Given information:
Segment Open

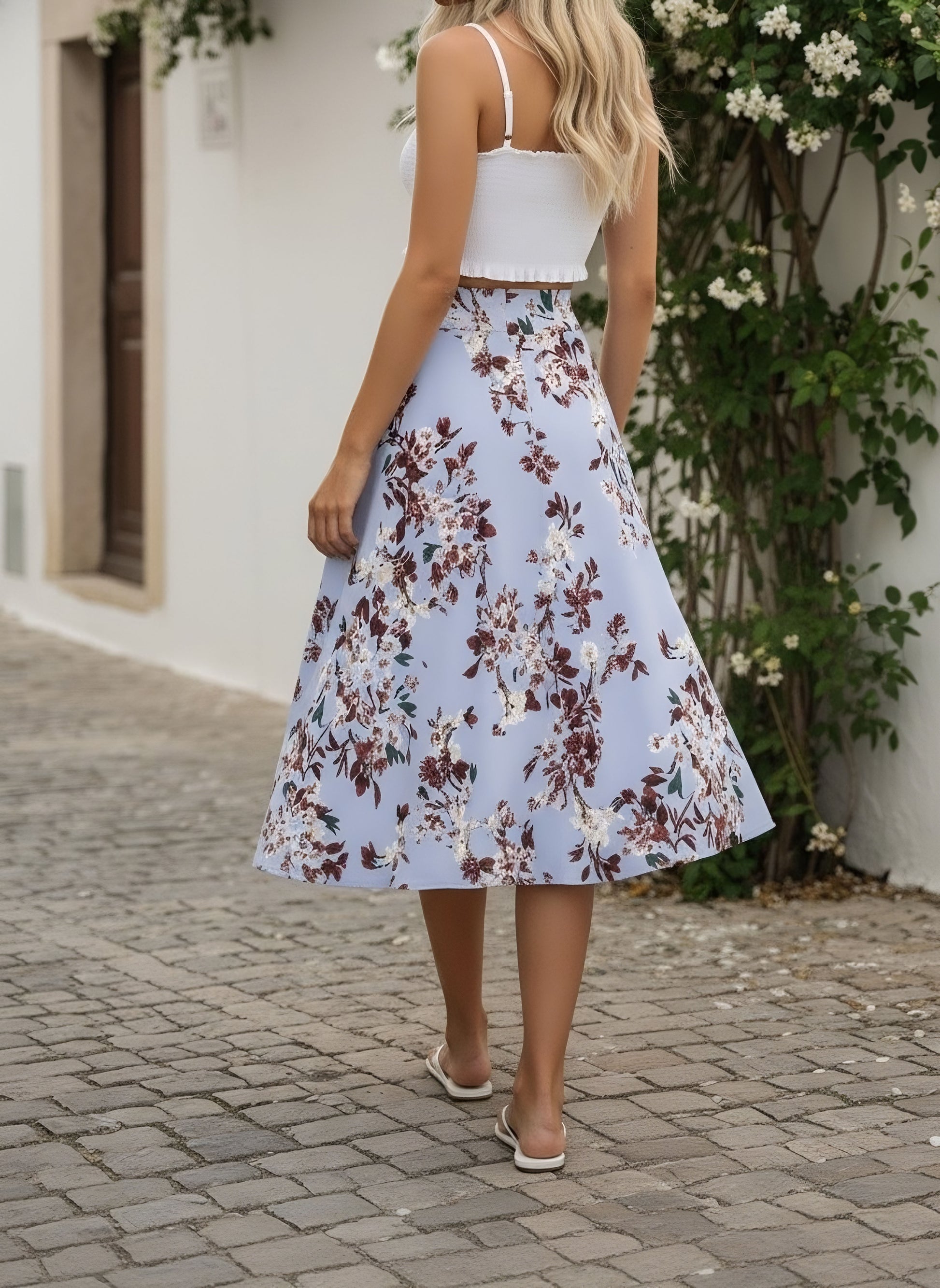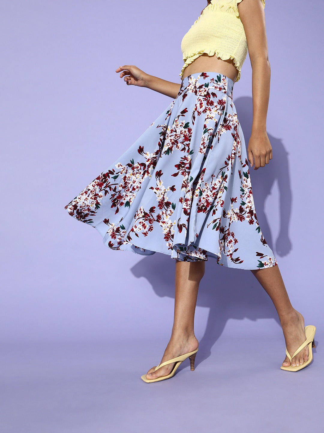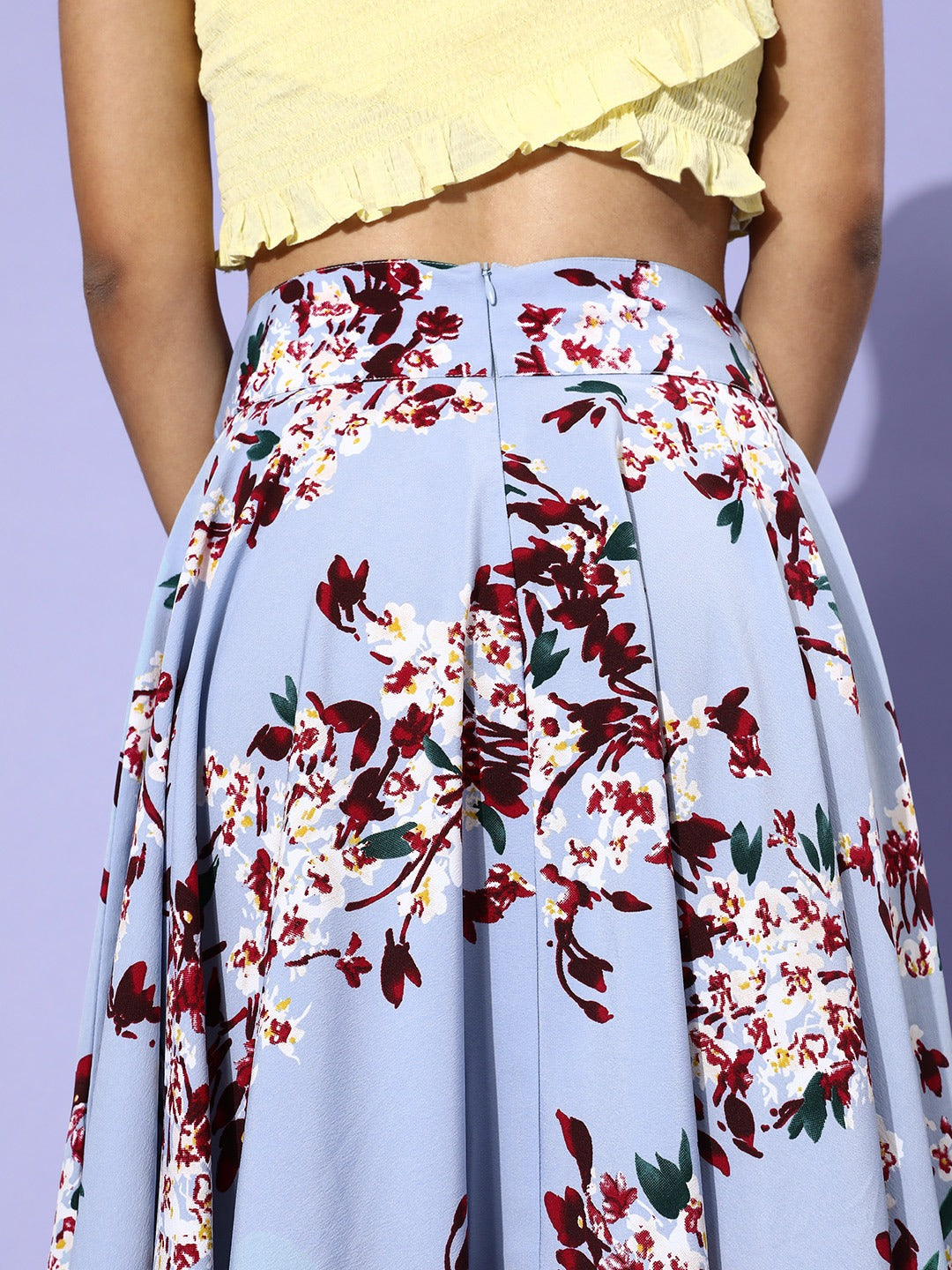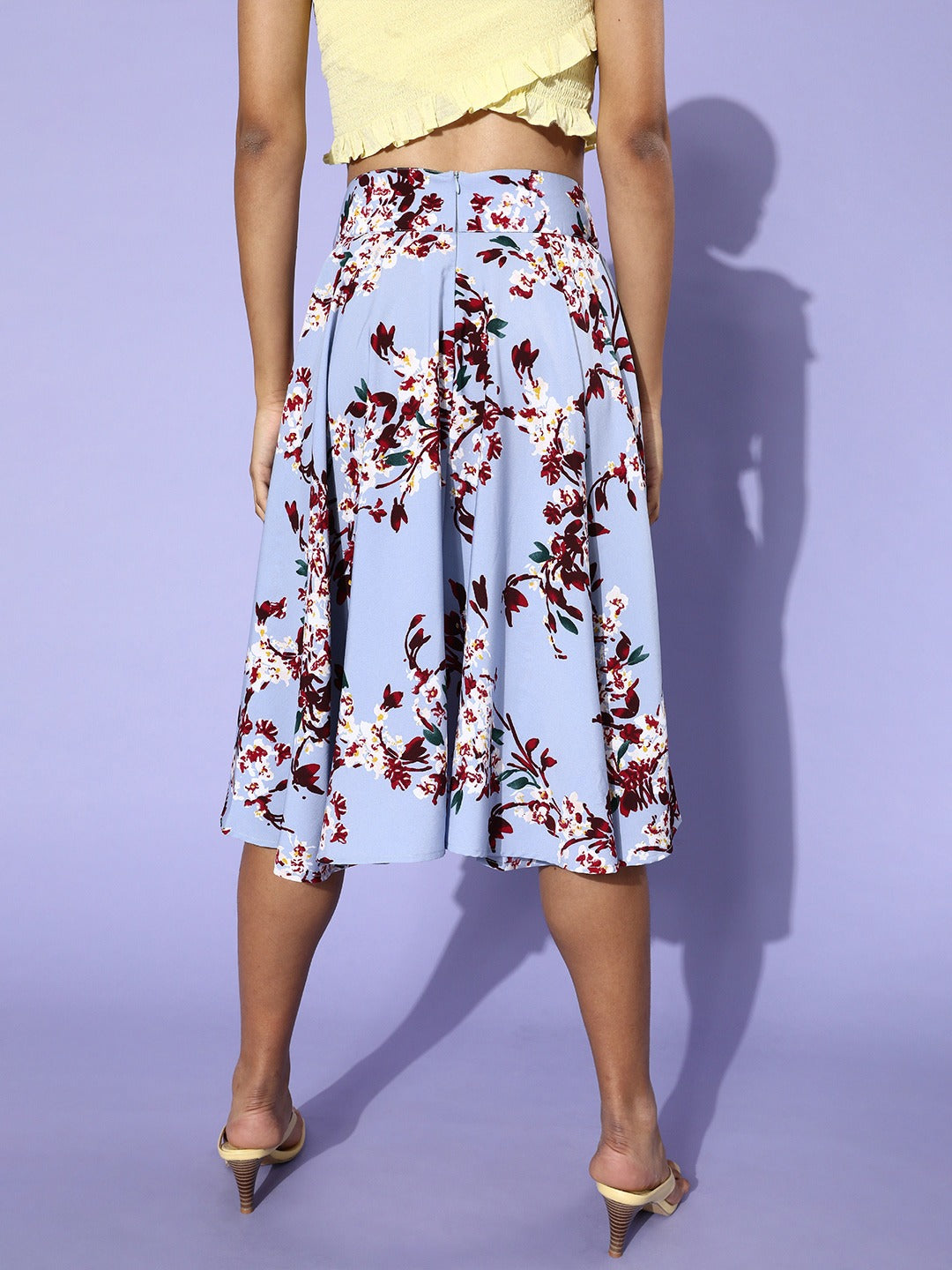Invite the fresh aura within your casual style by wearing this Blue & Red Floral Printed Flared A-line Midi Skirt from Berrylush. Get the actual essence of the springtime by wearing this fascinating floral printed midi skirt for your evening casual style. Get the teenage charm on your legs with the pleated flares. Bring a soothing and relaxing sensation within your way of styling by wearing this casual outfit. Get the unmatched support with the back concealed zip closure that stays hidden but gives you the best support. Match this soothing casual bottom wear with a crop top and heeled stilettos. Bring a mesmerizing aura to your casual look with this floral midi skirt from Berrylush.
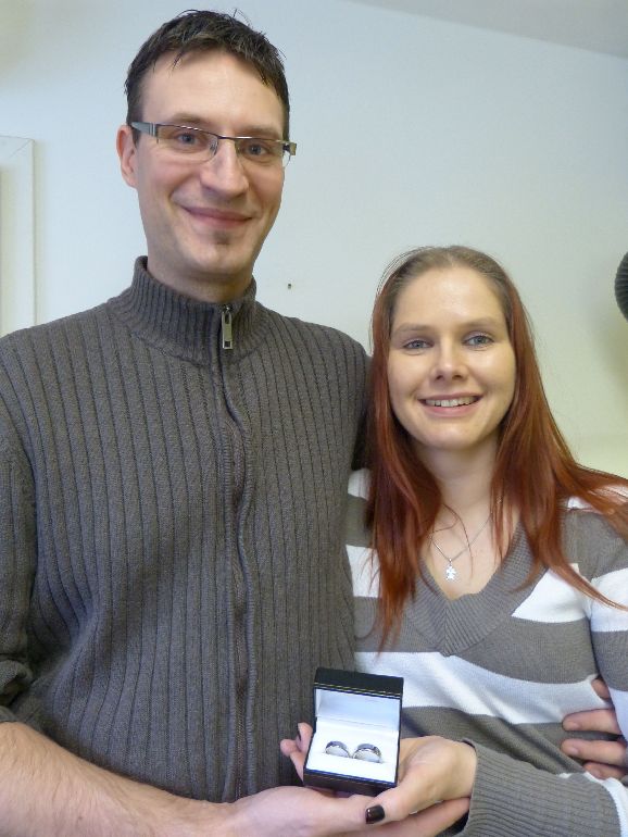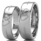 Trauringe in 500/- Palladium, poliert, Fuge sandgestrahlt, Herzen, 3 Brillanten 0,030 ct. W/Si
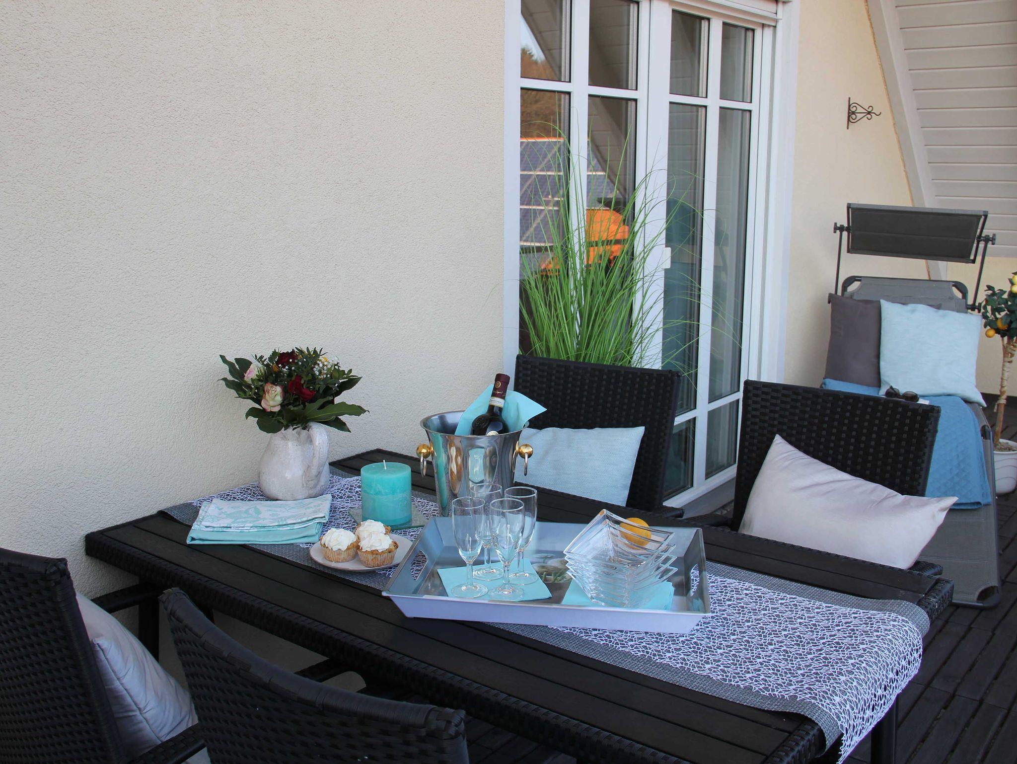 In unserer großzügigen und hellen Ferienwohnung (separate Etage, 88 m²) erwartet Sie ein großer offener Wohn-, Ess- und Kochbereich (35 m²) mit zwei doppelflügeligen Glastüren zum überdachten Süd-Ost-Balkon (18 m²) mit Sitzgruppe, Liegen, Sonnenschirm und Wäscheständer.
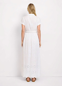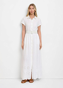 Длинное платье из хлопка и льна с вышивкой ришелье. Модель полуприлегающего силуэта, с короткими рукавами, отложным воротником-стойкой и застежкой на петли и пуговицы. В комплекте обтяжной ремень. Платье станет идеальным выбором для летних дней в городе или отпуска.
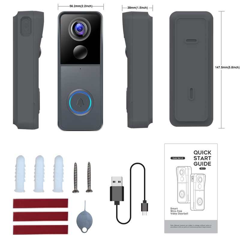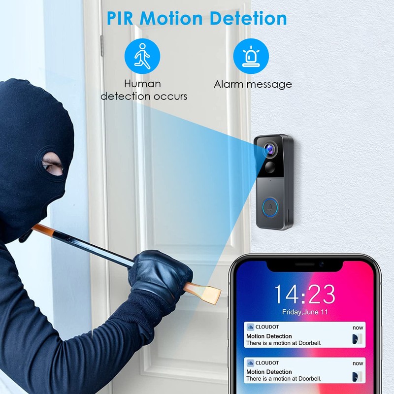 - 【Two -way Audio & Instant Notifications】WiFi smart video doorbell camera if you decide to press the bell button then you will get a notification on your phone app and you will be able to speak live to whoever is at your door. You can set the wireless doorbell camera app to send you notification for every detected motion.When someone rings the door bells ,you get a full screen message on you phone from door cameras to pick up like a phone call.
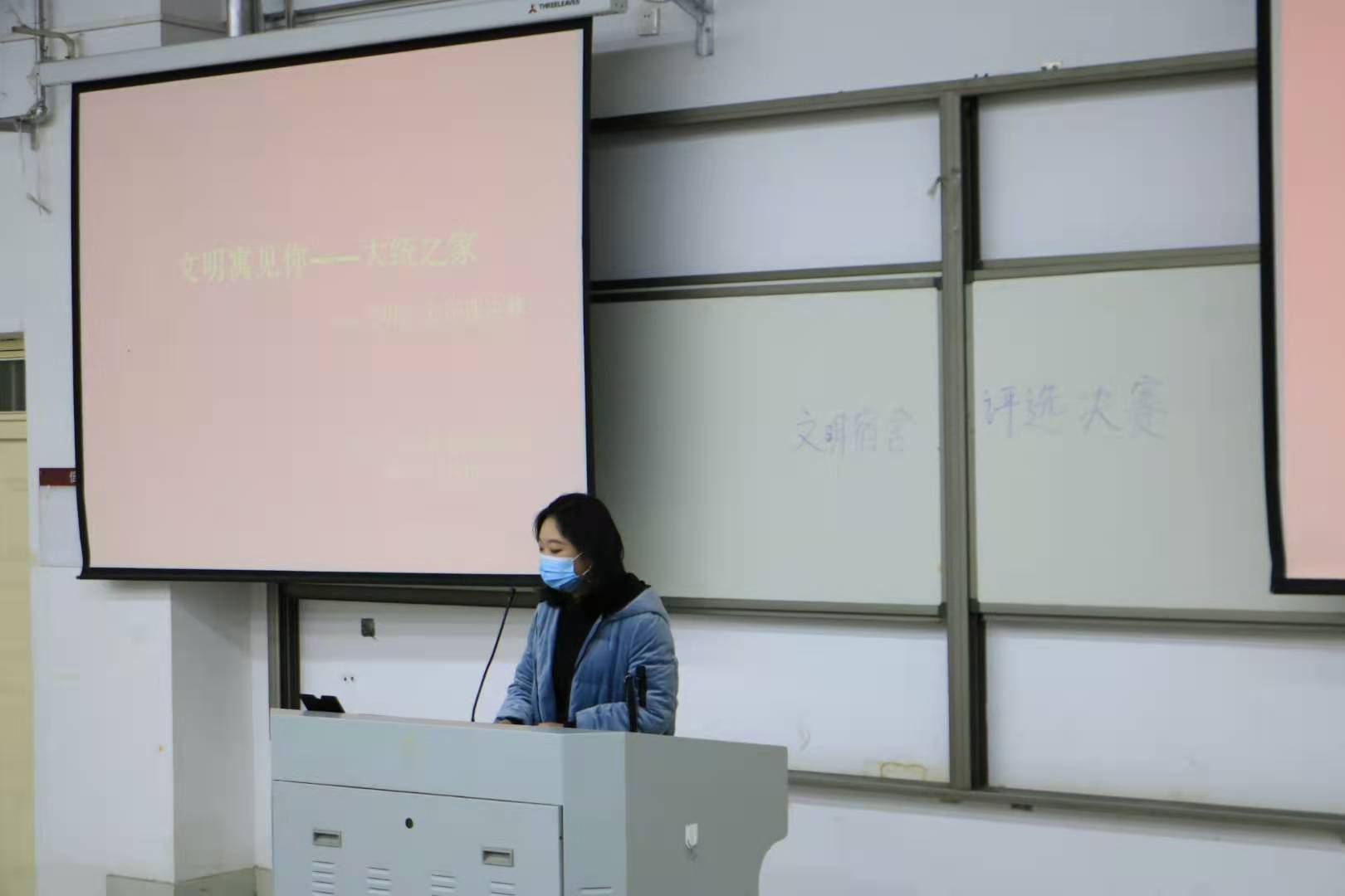 为提升学生文明素养,营造良好宿舍氛围与环境,12月21日晚6点30分,我院于教学科研楼209教室举报“文明寓见你——大统之家”文明宿舍评选决赛。本次活动,19级、20级四十余个宿舍积极报名,参与了此次评选。
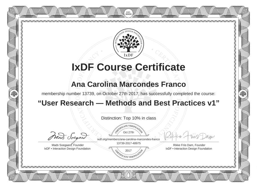 Ana Carolina Marcondes Franco's IxDF Course Certificate: User Research — Methods and Best Practices v1
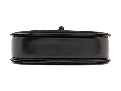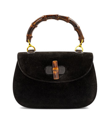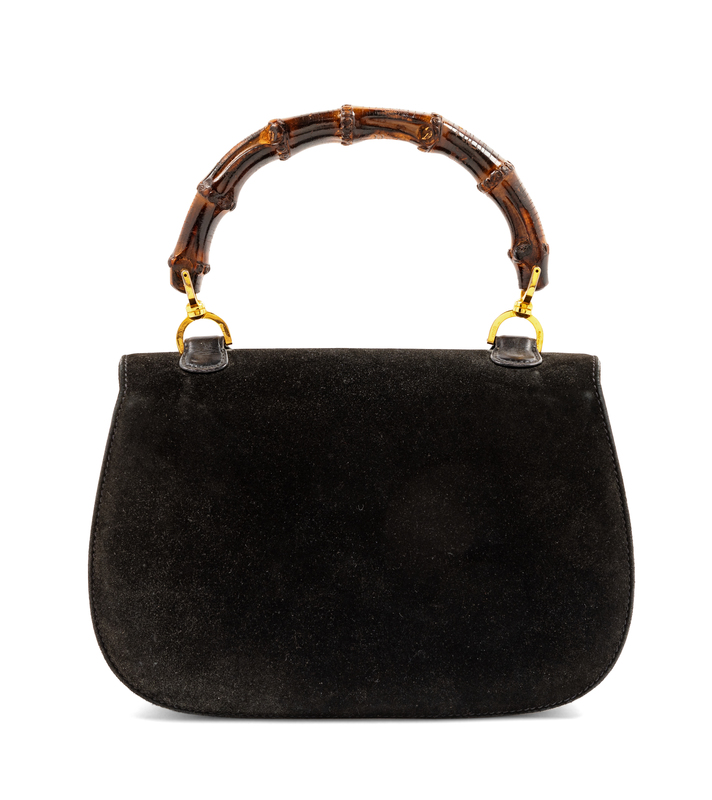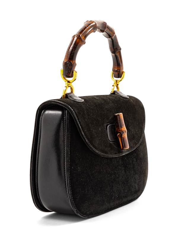 Black suede with black leather gusset and base, goldtone hardware, black leather interior with two slip pockets and zip pocket with lift boy pull, front flap with turn lock bamboo closure with bamboo top handle.
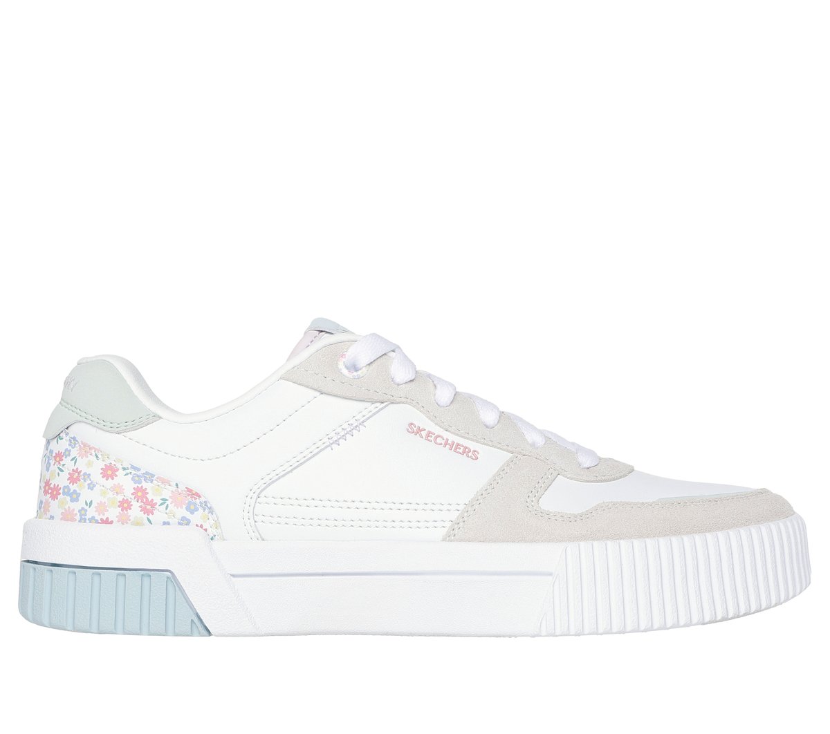 Enjoy flower adorned court comfort wearing Skechers Jade - Dainty Florals. This low-top lace-up features a color blocked duraleather and suede overlay upper with a floral print heel cup and a Skechers Air-Cooled Memory Foam® cushioned comfort insole.
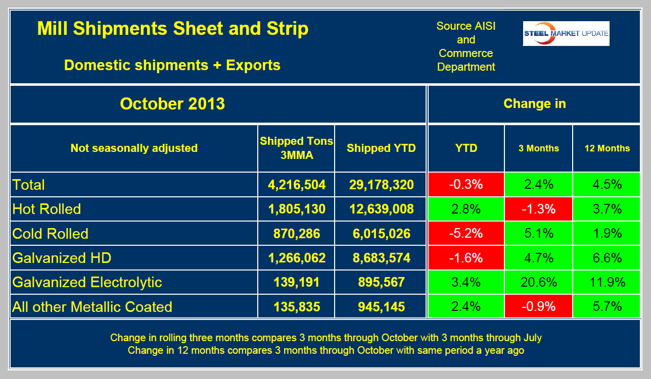 Shipments of sheet and strip products in the first 10 months of 2013 were 29,178,320 tons, a decrease of 0.3 percent from the same period last year. Shipments in the three months August through October averaged 4,216,504 tons / month, an increase of 2.4 percent from the previous 3 months May through July and an increase of 4.5 percent from August through October last year (Table 1).

Segment Closed

Work instruction: Repeat verbatim the lines from the one with "Enjoy flower adorned" through the end of the listing above. Include both ends, add nothing, and exclude the pictures.

Answer for this exercise:
 Enjoy flower adorned court comfort wearing Skechers Jade - Dainty Florals. This low-top lace-up features a color blocked duraleather and suede overlay upper with a floral print heel cup and a Skechers Air-Cooled Memory Foam® cushioned comfort insole.
 Shipments of sheet and strip products in the first 10 months of 2013 were 29,178,320 tons, a decrease of 0.3 percent from the same period last year. Shipments in the three months August through October averaged 4,216,504 tons / month, an increase of 2.4 percent from the previous 3 months May through July and an increase of 4.5 percent from August through October last year (Table 1).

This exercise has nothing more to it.